As illustrated in FIG. 22, an imaging system 100 according to the present example includes an imaging optical system 101 including lenses, an imaging unit 102, a DSP (Digital Signal Processor) circuit 103, a frame memory 104, a display device 105, a recorder 106, an operation system 107, and a power supply system 108. In addition, the DSP circuit 103, the frame memory 104, the display device 105, the recorder 106, the operation system 107, and the power supply system 108 are connected to one another via a bus line 109.

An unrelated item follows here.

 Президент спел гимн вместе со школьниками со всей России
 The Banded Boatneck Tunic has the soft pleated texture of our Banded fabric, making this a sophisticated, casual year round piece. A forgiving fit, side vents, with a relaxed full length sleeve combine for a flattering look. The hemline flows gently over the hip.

The imaging optical system 101 captures incident light (image light) from a subject and forms an image on an image forming surface of the imaging unit 102. The imaging unit 102 converts an amount of incident light, which forms an image on the imaging surface by the optical system 101, into an electrical signal for each pixel and outputs the electrical signal as a pixel signal. The DSP circuit 103 performs typical camera signal processing, for example, white balance processing, demosaicing, or gamma correction.

The frame memory 104 is optionally used for storing data in the process of signal processing in the DSP circuit 103. The display device 105 includes a panel-type display device, e.g., a liquid crystal display device or an organic EL (electro luminescence) display device and displays a video or a still image captured by the imaging unit 102. The recorder 106 records the video or the still image captured by the imaging unit 102, in a portable semiconductor memory or recording media such as an optical disk and an HDD (Hard Disk Drive).

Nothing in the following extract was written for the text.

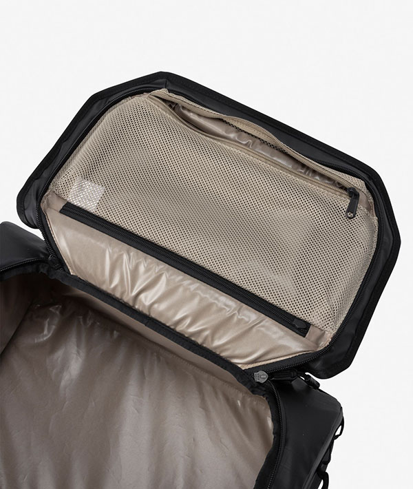 メイン素材に耐水性と耐久性をもつ300デニールのリサイクルポリエステル(TPEラミネート)を採用し、ボトム素材にはタフな420デニールのリサイクルナイロンを配置。持ち運びに便利なグラブハンドルをサイド4面に備え、ウィーラーハンドルに通せるテープ付きで、スタイルに合わせてスムーズに移動できます。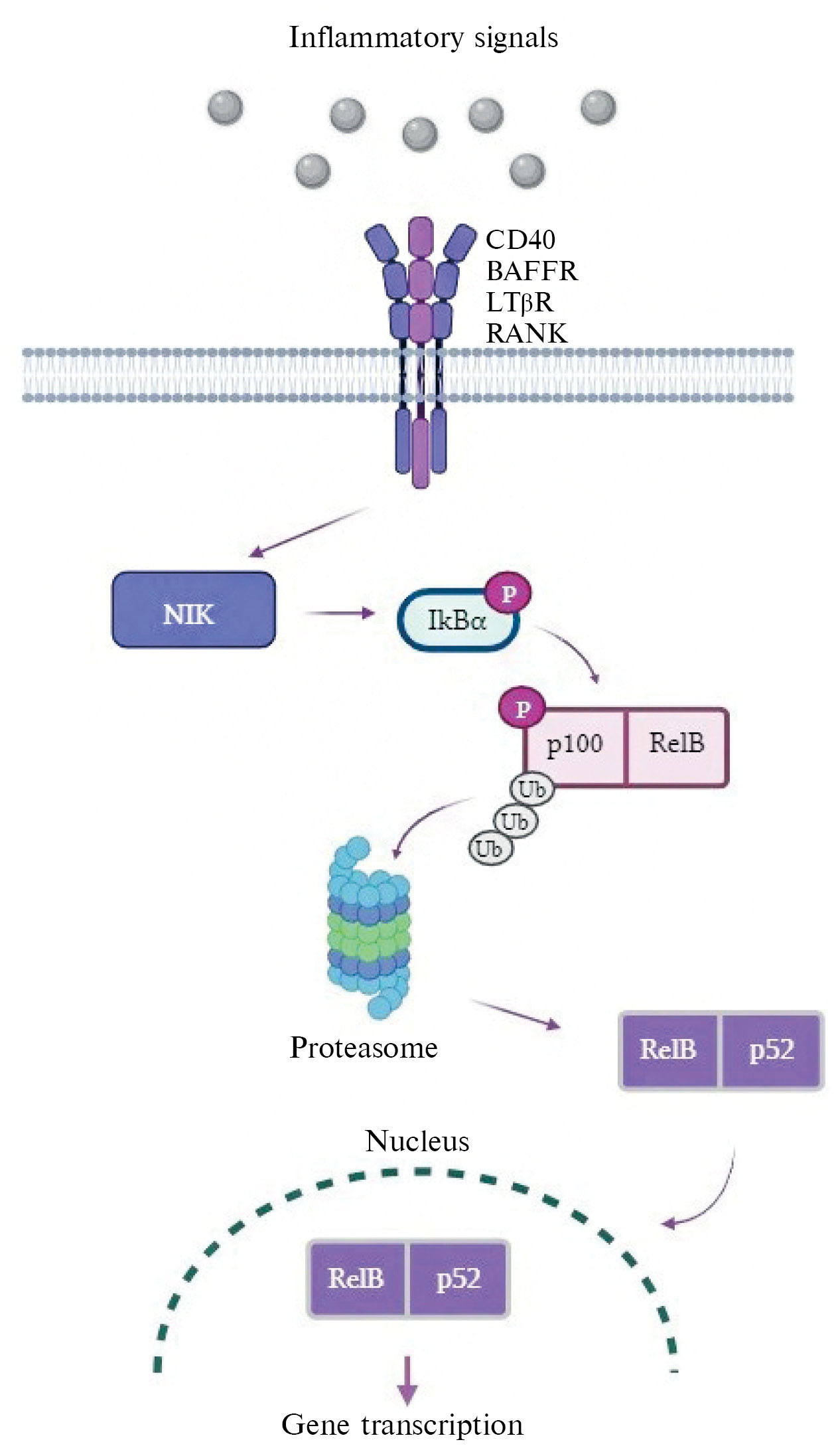 Активация неканонического пути NF-κB вовлекает различные сигнальные молекулы и приводит к преимущественной активации димера NF-κB2/RelB. Этот путь основан на процессинге белка-предшественника NF-κB2 – p100. Активация киназы NIK (митоген-активируемая белковая киназа 3) приводит к фосфорилированию IKKα киназой p100/NF-κB, которая после фосфорилирования p100 подвергается убиквитинилированию и протеосомной деградации [21].

The operation system 107 issues operation commands for various functions of the imaging system 100 in response to a user operation. The power supply system 108 optionally supplies various power supplies serving as operation power supplies for the DSP circuit 103, the frame memory 104, the display device 105, the recorder 106, and the operation system 107, to the targets of supply.

In the imaging system 100 configured thus, the imaging device according to the foregoing embodiments may be used as the imaging unit 102. The imaging device can shrink the layout of circuit elements without increasing random noise, thereby contributing to the size reduction of the imaging system 100.

[Example of Application to Mobile Body]

The technology of the present disclosure (the present technology) can be applied in various products. For example, the technique according to the present disclosure may be implemented as an imaging device mounted on any kind of mobile unit such as an automobile, an electric vehicle, a hybrid electric vehicle, a motorcycle, a bicycle, a personal mobility, an airplane, a drone, a ship, a robot, a construction machine, and an agricultural machine (tractor).

FIG. 23 is a block diagram schematically illustrating a configuration example of a vehicle control system that is an example of a mobile-unit control system to which the technique according to the present disclosure is applicable.

A vehicle control system 12000 includes a plurality of electronic control units connected to one another via a communication network 12001. In the example illustrated in FIG. 23, the vehicle control system 12000 includes a drive system control unit 12010, a body system control unit 12020, an outside-vehicle information detection unit 12030, an inside-vehicle information detection unit 12040, and an integrated control unit 12050. In addition, as functional configurations of the integrated control unit 12050, a microcomputer 12051, a sound image output unit 12052, and an in-vehicle network interface I/F (interface) 12053 are illustrated.

The drive system control unit 12010 controls an operation of a device related to a drive system of a vehicle according to various programs. For example, the drive system control unit 12010 functions as a driving force generator for generating a driving force of a vehicle such as an internal combustion engine or a driving motor, a driving force transmission mechanism for transmitting a driving force to wheels, a steering mechanism for adjusting a turning angle of a vehicle, and a control device such as a braking device that generates a braking force of a vehicle.

The body system control unit 12020 controls operations of various devices equipped in a vehicle body in accordance with various programs. For example, the body system control unit 12020 functions as a control device of a keyless entry system, a smart key system, a power window device, or various lamps such as a head lamp, a back lamp, a brake lamp, a turn signal, or a fog lamp. In this case, radio waves transmitted from a portable device that substitutes for a key or signals of various switches can be input to the body system control unit 12020. The body system control unit 12020 receives inputs of these radio waves or signals and controls the door lock device, the power window device, the lamps or the like of a vehicle.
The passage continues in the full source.